Kritik günlerde Kayzerlik Konsolosluğunun yanı başında bulunan polis karakolu askerlerle takviye edildi ve benim lojmanım dikkat çekmeden askerler tarafından gözetlendi. Şahsımın korunmasını ve at ile şehre gidiş gelişlerim için bile prestij açısından reddettim. [Buradan yazının sonuna kadar olan kısım dağıtım listesinden çıkartılmıştır.]

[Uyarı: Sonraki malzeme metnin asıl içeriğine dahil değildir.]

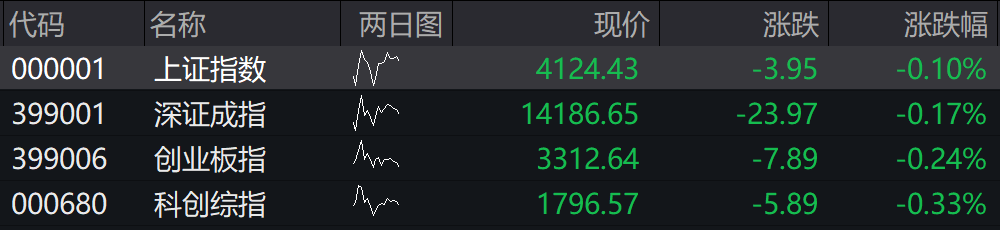 沪指低开0.1% ,深证成指低开0.17%,创业板指低开0.24%,科创综指低开0.33%。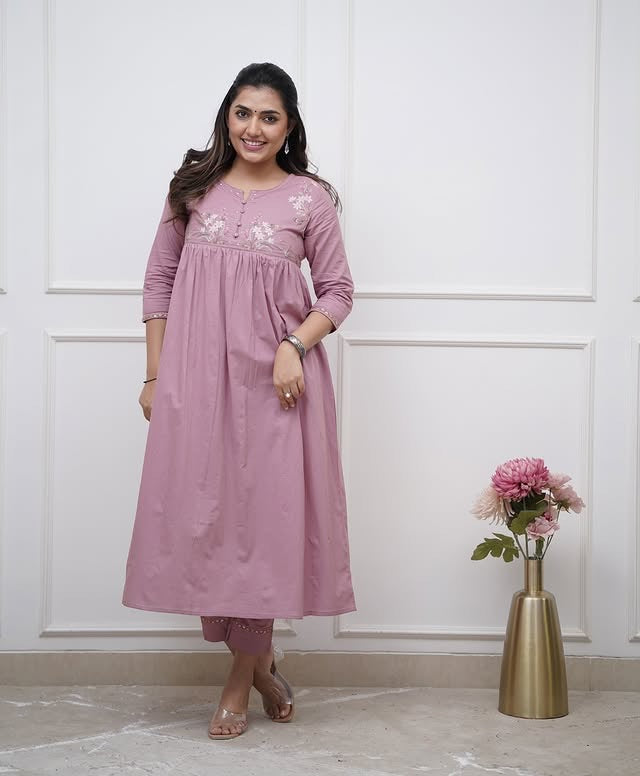 Tags: Cotton Kurta, Embroidered Kurta, Kurta Pant Set, Blush Pink Kurta, Women's Kurta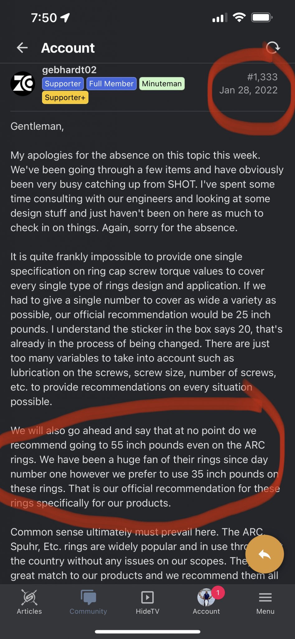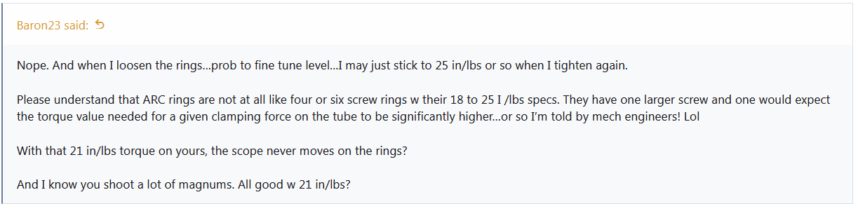 One thing...I do love and use ARC rings and did indeed follow the meandering and somewhat inconclusive threads about torque values with ZCO and ARC rings. I have a Mk5 5-25 in ARC rings torqued at 53 in/lbs (closest fix-it-stick limiter I have to ARC's recommended 55 in/lbs) and no problemo. And, I do vaguely understand Ted's explanation about multiple small screws vs one big one and the applied torque values needed in these different situations in order to obtain the same resulting clamping force (right term...maybe??) on the tube .
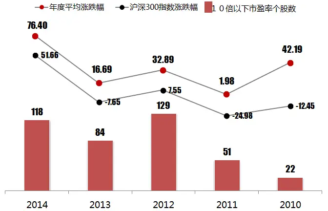 格雷厄姆所谓的低市盈率选股方法,也许让很多人质疑。我们用格雷厄姆的选股方法对过去5年A股市场进行检验,结果出人意料。在每年的1月1日选择当时动态市盈率低于10倍的个股,并统计这些个股当年度的平均涨幅,结果如下:2010年1月1日,动态市盈率低于10倍的个股共有22只,当年平均年涨幅高达42.19%,同年沪深300指数下跌12.45%。2011年至2014年情况请见下图,近5年市盈率在10倍以下的个股年度平均涨幅均远超沪深300指数。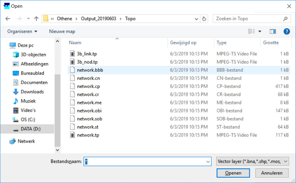 - Kies het bestand ‘network.sob’ en klik op <Openen>.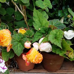 おはようございます😃 ベゴニア三種 満開です✨ 「球根ベゴニア フォーチュン」 前に投稿した時より 花びらがしっかり開き いくつも咲いて 重そう 豪華になりました🎶 一本折れました😅 「八重咲きベゴニア タブレット」 「ベゴニア・センパフローレンス」 どちらも冬越しでき、大きくなりました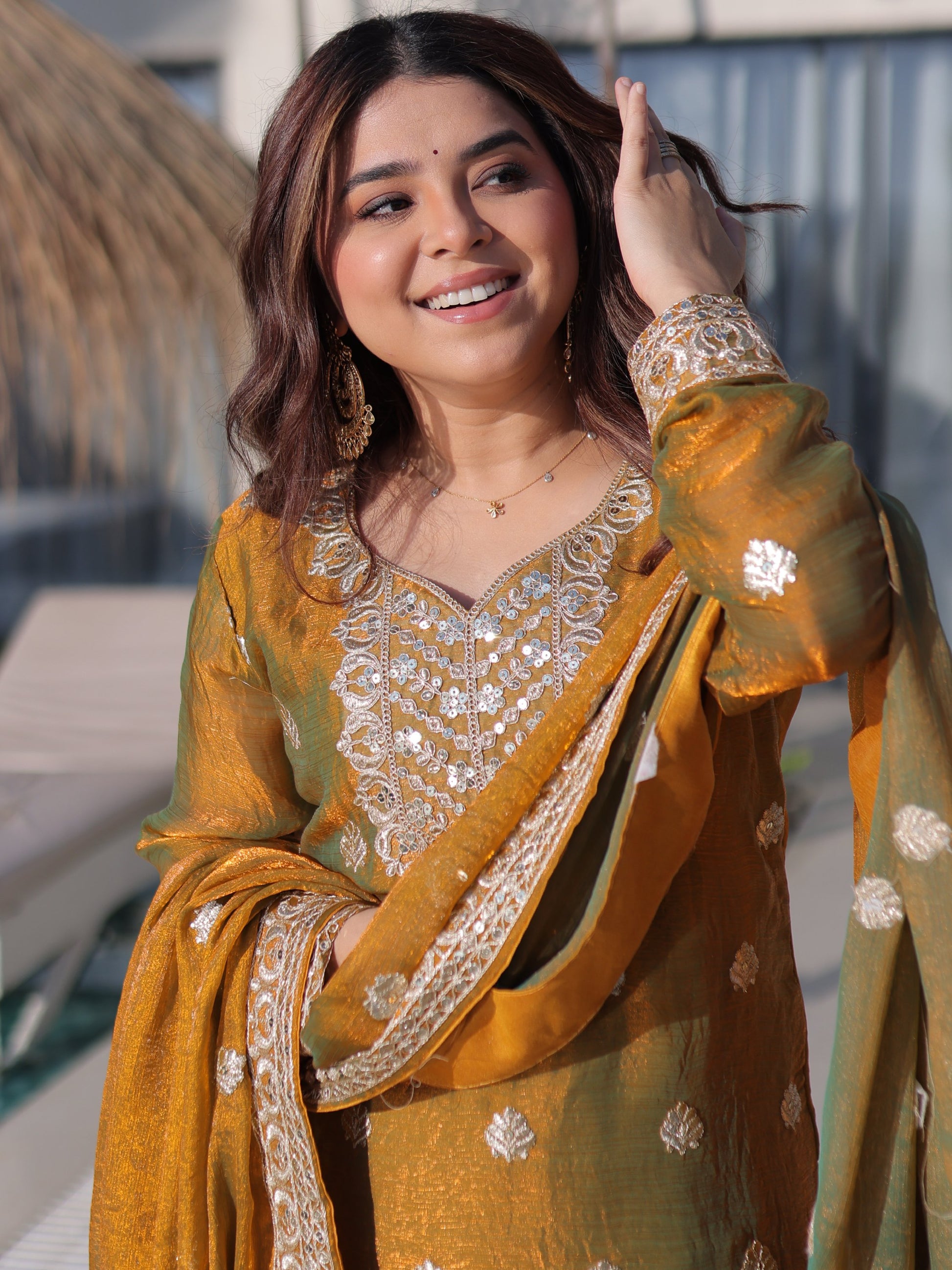 • The top features a rich mustard gold and olive green blend in chiffon with silver zari and sequin embroidery, full sleeves, V-neck, and 32-inch length.

Ermenilerin Trabzon’dan sürülmesi dolayısıyla yabancı basında belki Alman basınında da Kayzerlik Konsolosluğu’na saldırılar olacağını ihtimal dışı görmüyorum. Bu nedenle siz ekselanslarına deportasyon ve bununla bağlantılı olarak Almanya Temsilciliği tarafından yapılan girişimler hakkında ayrıntılı bilgi vermem gerektiğini düşündüm.
Bu raporun bir kopyasını İstanbul’daki Kayzerlik Büyükelçiliği’ne sundum.